IBG RareBoost Seminar – Prof. Ahmet Gül “Familial Mediterranean Fever and Beyond: The Spectrum of Pyrin-Associated Autoinflammatory Disorders”
On June 27th at 11:00 am, Prof. Ahmet Gül will give a seminar titled “Familial Mediterranean Fever and Beyond: The Spectrum of Pyrin-Associated Autoinflammatory Disorders” at IBG Aziz Sancar Auditorium.
Prof. Gül is an expert in immunology and rheumatology, with a long-standing academic career at Istanbul University. His research focuses on the immunopathogenesis and genetics of inflammatory rheumatic disorders, especially Behçet’s disease, familial Mediterranean fever (FMF), and other monogenic autoinflammatory disorders.
Prof. Gül has authored over 200 publications and serves on the editorial boards of leading rheumatology journals. He is also the President of the Behçet’s Disease Society of Turkey and President-Elect of the International Society for Behçet’s Disease.
You may join the seminar in person at IBG Aziz Sancar Auditorium or online by signing up via the following link.

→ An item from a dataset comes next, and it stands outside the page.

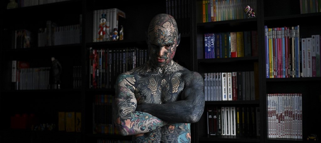 Ο 35χρονος Σιλβέν Ελέν έχει τατουάζ στο σώμα, στο πρόσωπο και στη γλώσσα ενώ έχει μετατρέψει, χειρουργικά, τον σκληρό χιτώνα (λευκό) του ματιού του σε μαύρο.
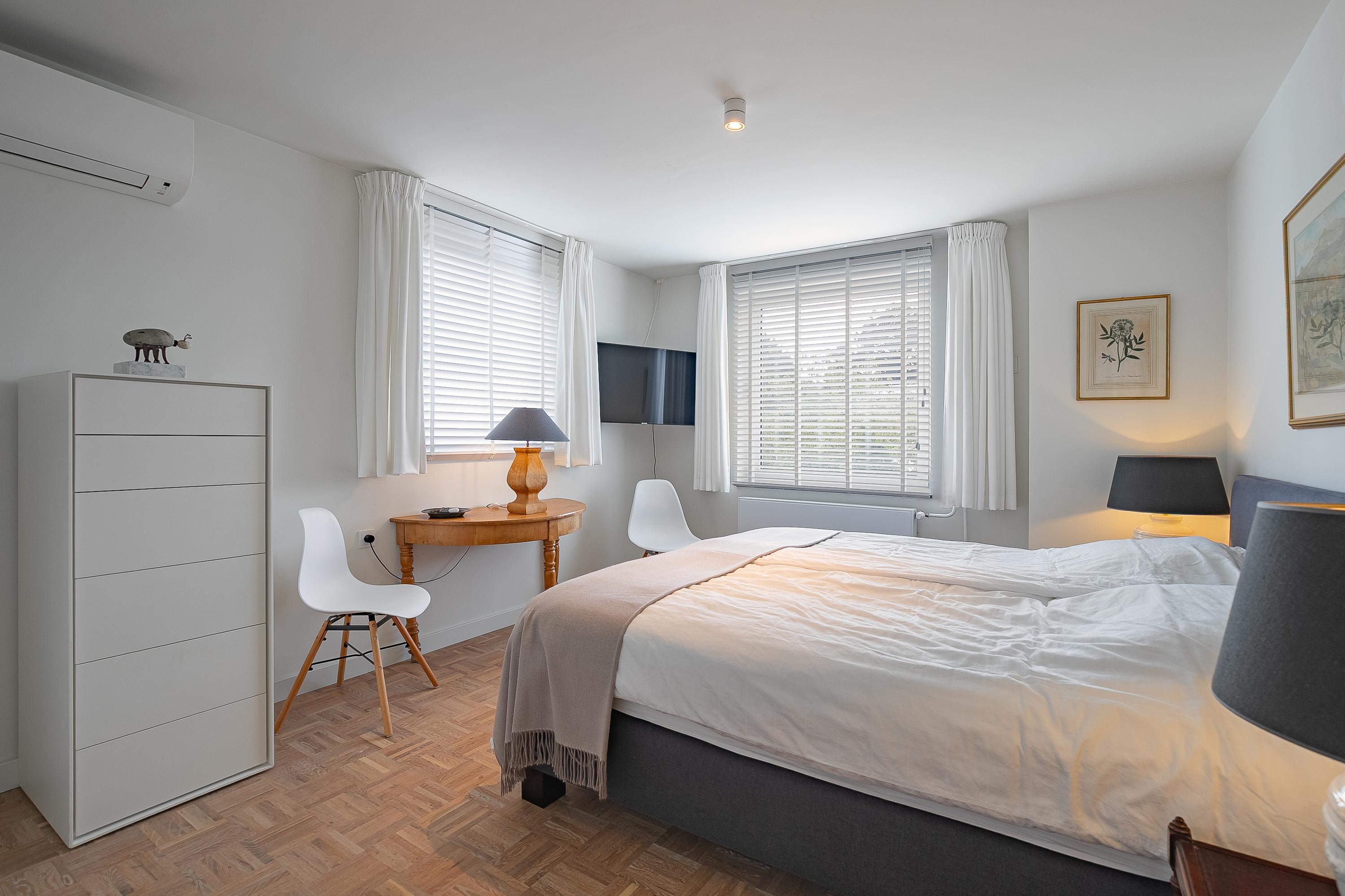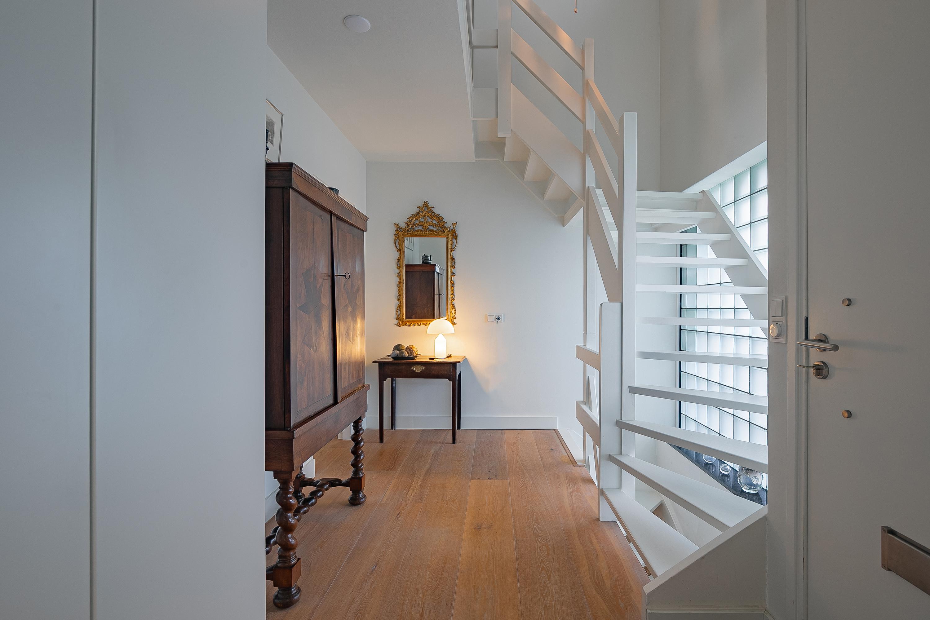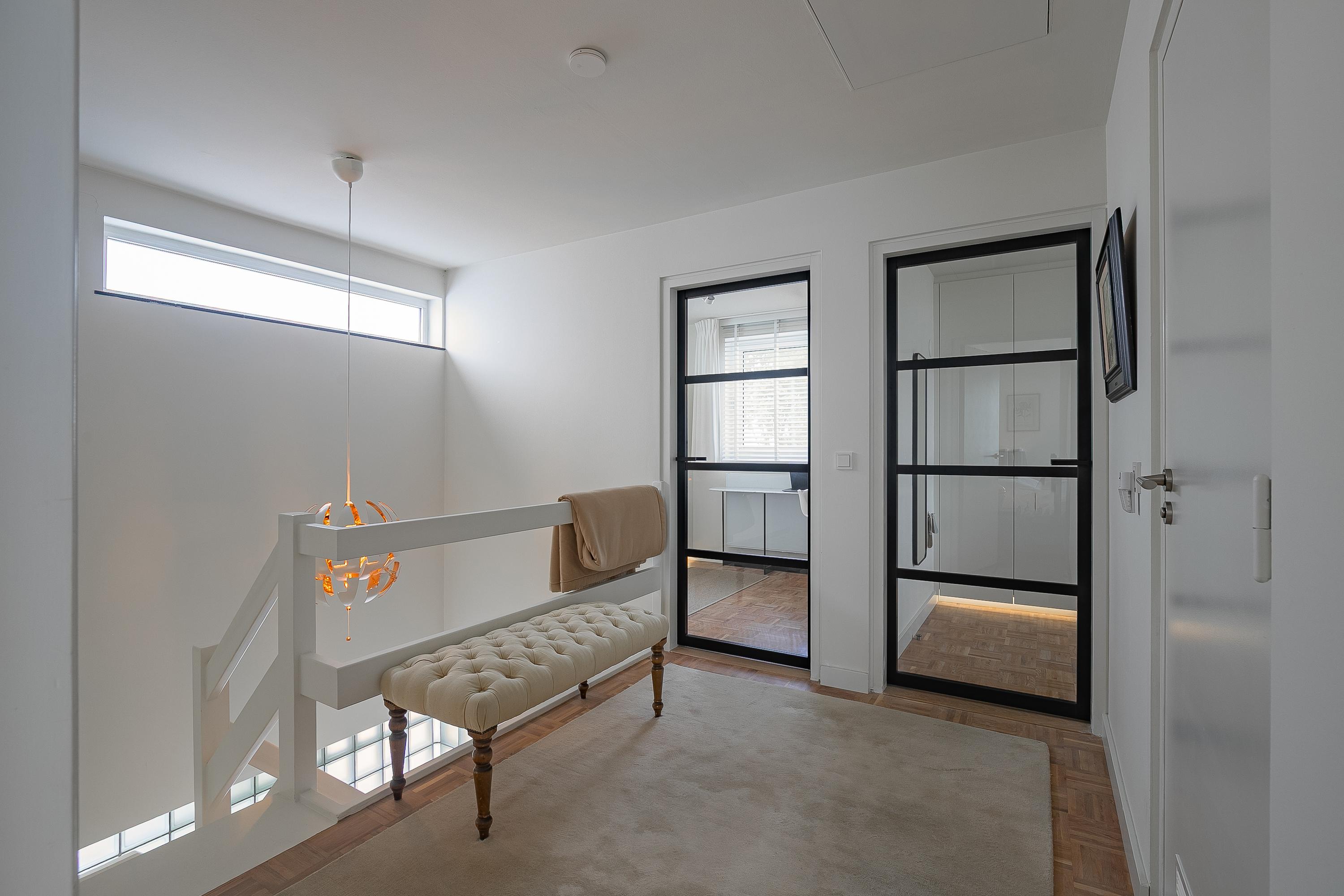 في الطابق العلوي، تكمل أربع غرف نوم خزائن مصممة خصيصاً من Slangen Interieurbouw وأرضية باركيه بنمط الفسيفساء. يحتوي الحمام على دش مشي وحوض استحمام، وتهوية ميكانيكية، وتدفئة أرضية. تستفيد غرفة النوم الرئيسية من مكيف هواء؛ وتتوفر حلول تخزين واسعة مع قبو كبير يضم جراجاً بمساحة 33م² وغرف خدمات، إضافة إلى مساحة تخزين في السطح.

We welcome your participation!
Seminar Abstract
Familial Mediterranean Fever (FMF) is the most common monogenic autoinflammatory disorder, predominantly affecting populations in the Eastern Mediterranean. Although classified as a ‘rare disease’; its prevalence exceeds the standard threshold for rarity in certain regions of Israel, Armenia, and Turkey. In 1997, pathogenic variants in exon 10 of the MEFV gene—encoding the pyrin protein—were identified as the genetic cause of FMF. Pyrin is a cytosolic sensor protein that forms part of the inflammasome complex, leading to the activation of caspase-1 and the proteolytic maturation of the proinflammatory cytokines IL-1β and IL-18, which drive the inflammatory episodes seen in FMF.

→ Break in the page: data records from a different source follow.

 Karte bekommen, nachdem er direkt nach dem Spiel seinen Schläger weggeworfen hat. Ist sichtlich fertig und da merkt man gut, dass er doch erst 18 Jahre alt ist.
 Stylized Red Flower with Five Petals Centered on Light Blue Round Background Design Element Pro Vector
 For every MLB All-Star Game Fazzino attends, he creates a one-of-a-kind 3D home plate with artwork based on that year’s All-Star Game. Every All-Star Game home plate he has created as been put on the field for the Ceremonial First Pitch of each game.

Clinically, FMF is characterized by recurrent, self-limited episodes of peritonitis, pleuritis, arthritis, and erysipelas-like erythema, typically lasting 12 to 72 hours. In addition to the classic exon 10 mutations, variants in other exons of the MEFV gene have been associated with different phenotypes and prognostic features. The clinical spectrum of pyrin-associated autoinflammatory diseases is expanding, and deeper insights into pyrin-inflammasome signaling are expected to inform both pathogenesis and therapeutic strategies.